Gov. Chris Sununu recently vetoed House Bill 664, a measure dealing with vehicle repair standards. As passed by the Legislature, the bill would have required insurers to pay for any repair performed according to procedures set by auto manufacturers.

While the sponsors of this legislation were well-intentioned, I believe the governor made the right decision to veto HB 664, because it would have upset the competitive balance that has helped keep New Hampshire’s auto insurance rates among the lowest in the nation.

Maintaining a balance in auto repairs, in this case between auto insurers and the repair shops, ensures that consumers will receive the best service at the lowest price. Both insurers and auto repair shops have an interest in providing for safe repairs at a reasonable cost, and as things stand, both sides in almost every case are able to reach agreement. If they cannot agree, current law provides a resolution mechanism based on the price available from an independent willing and able repair facility.
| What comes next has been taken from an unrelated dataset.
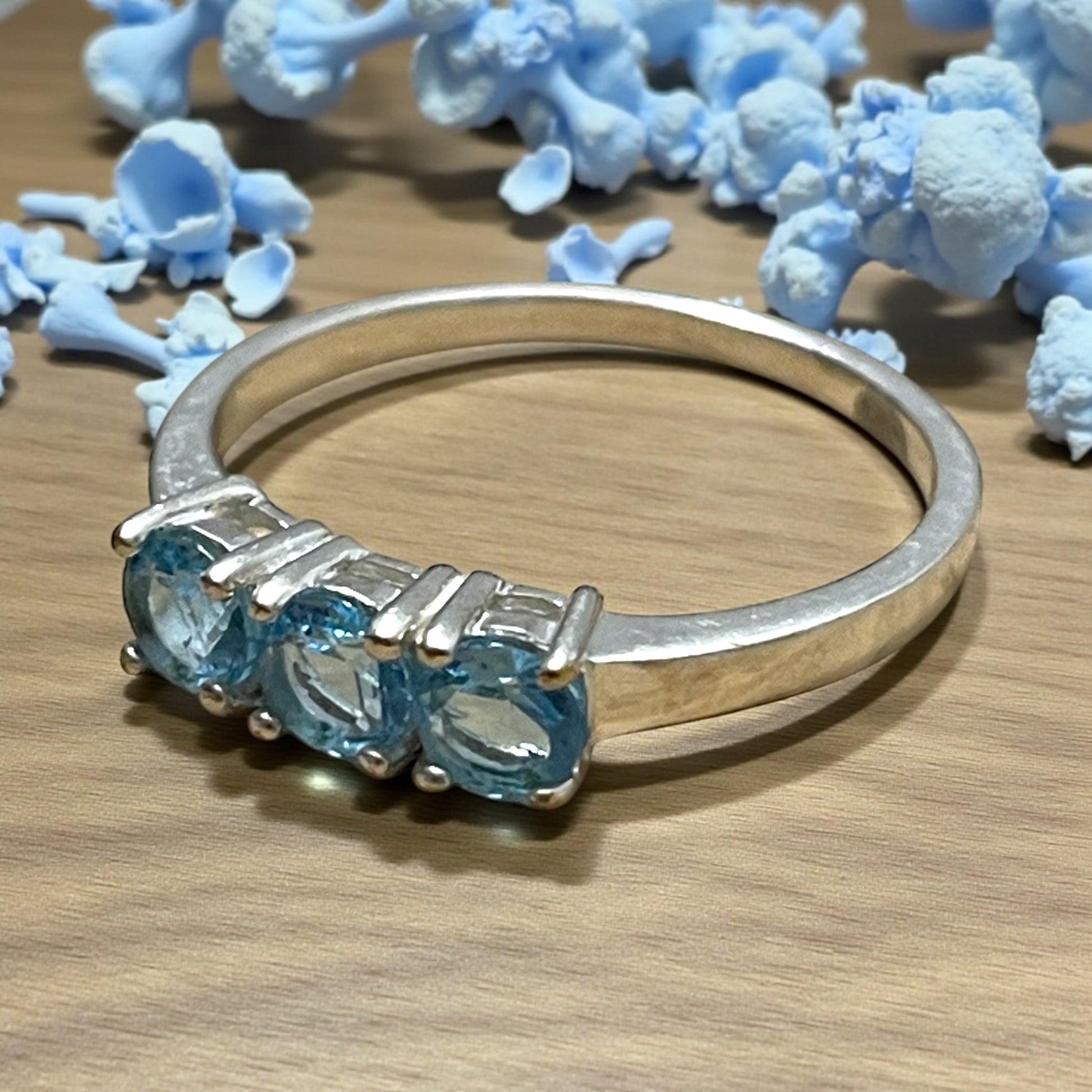 Anello in argento trilogy anni ‘90 con topazi azzurri sintetici 18 mm

Over the 16 years I served as insurance commissioner, the department received complaints about repairs from a few repair facilities and almost none from consumers. HB 664 would upend this status quo by limiting the insurance companies’ ability to negotiate a reasonable price for repairs. The end result would be an inevitable increase in repair costs, likely followed by increasing auto insurance rates.

The governor’s veto does not mean insurance companies will have the final say in repairs, and it will not make our vehicles less safe to be on the road. Instead, HB 664 would have effectively given the final say to auto manufacturers to determine what repairs should be performed and how. Something else to consider: These procedures can require state-of-the-art sophisticated equipment that small independent repair shops may not have or be able to afford. As the governor noted, that could create a situation where auto manufacturers would be able to essentially steer business to their dealerships and crowd these small businesses out of the marketplace.

In my view it is important to maintain a system where insurers and auto repair shops can negotiate fairly. That doesn’t mean the system is perfect, or that we can’t improve it, but HB 664 is not the answer. Sweeping in all repairs of this nature doesn’t really solve anything and might affect availability of auto insurance, in addition to costs. This or any legislation of this nature without the benefit of some sort of actuarial evaluation along with safety assessments would be irresponsible.

All would be better served by working with the National Association of Insurance Commissioners to develop a possible model. This would assure extensive vetting and a uniform approach.

I would urge that this veto be sustained.

(Roger Sevigny served as New Hampshire’s insurance commissioner from 2003 to 2018.)